To find the rated Voltage of a stepper motors, multiply the Resistance by the rated Current. You need the Voltage rating to select the voltage of your power supply.
Ratings are typically only given for the Unipolar situation (using a single coil in each phase). With a 4-wire motor there can be no confusion as there are no alternatives:
- BIpolar (similar to "bipolar series")
With a 6-wire motor you can wire them either:
- UNIpolar (use half the motor), or
- BIpolar series (UNIvoltage X 1.4 and UNIcurrent ÷ 1.4)
(only 4 wires will be connected - 2 wires will not be connected)
With a 8-wire motor you can wire them either:
- UNIpolar (use half the motor), or
- BIpolar series (UNIvoltage X 1.4 and UNIcurrent ÷ 1.4), or
- BIpolar parallel(UNIvoltage ÷ 1.4 and UNIcurrent X 1.4)
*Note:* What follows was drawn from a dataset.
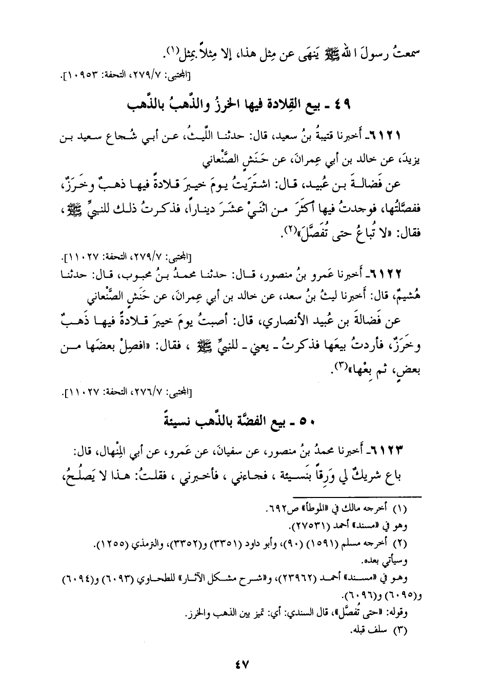 6121 - أَخْبَرَنَا قُتَيْبَةُ بْنُ سَعِيدٍ، قَالَ: حَدَّثَنَا اللَّيْثُ، عَنِ أَبِي شُجَاعٍ سَعِيدِ بْنِ يَزِيدَ، عَنْ خَالِدِ بْنِ أَبِي عِمْرَانَ، عَنْ حَنَشٍ الصَّنْعَانِيِّ، عَنْ فَضَالَةَ بْنِ عُبَيْدٍ، قَالَ: اشْتَرَيْتُ يَوْمَ خَيْبَرَ قِلَادَةً فِيهَا ذَهَبٌ وَخَرَزٌ، فَفَصَّلْتُهَا فَوَجَدْتُ فِيهَا أَكْثَرَ مِنِ اثْنَيْ عَشَرَ دِينَارًا، فَذَكَرْتُ ذَلِكَ لِلنَّبِيِّ صَلَّى اللهُ عَلَيْهِ وَسَلَّمَ، فَقَالَ: «§لَا تُبَاعُ حَتَّى تُفَصَّلَ»

Makes you go crazy! Nobody agrees on the best way to connect them for a CNC router - it depends on how fast the motor has to work. But for a router, the motors have to work fast and slow, so I end up with the middle choice, UNIpolar. That means you only connect 4 wires if there are more than 4 available. The wiring is easier, and you know you have a second chance if you burn half the motor! 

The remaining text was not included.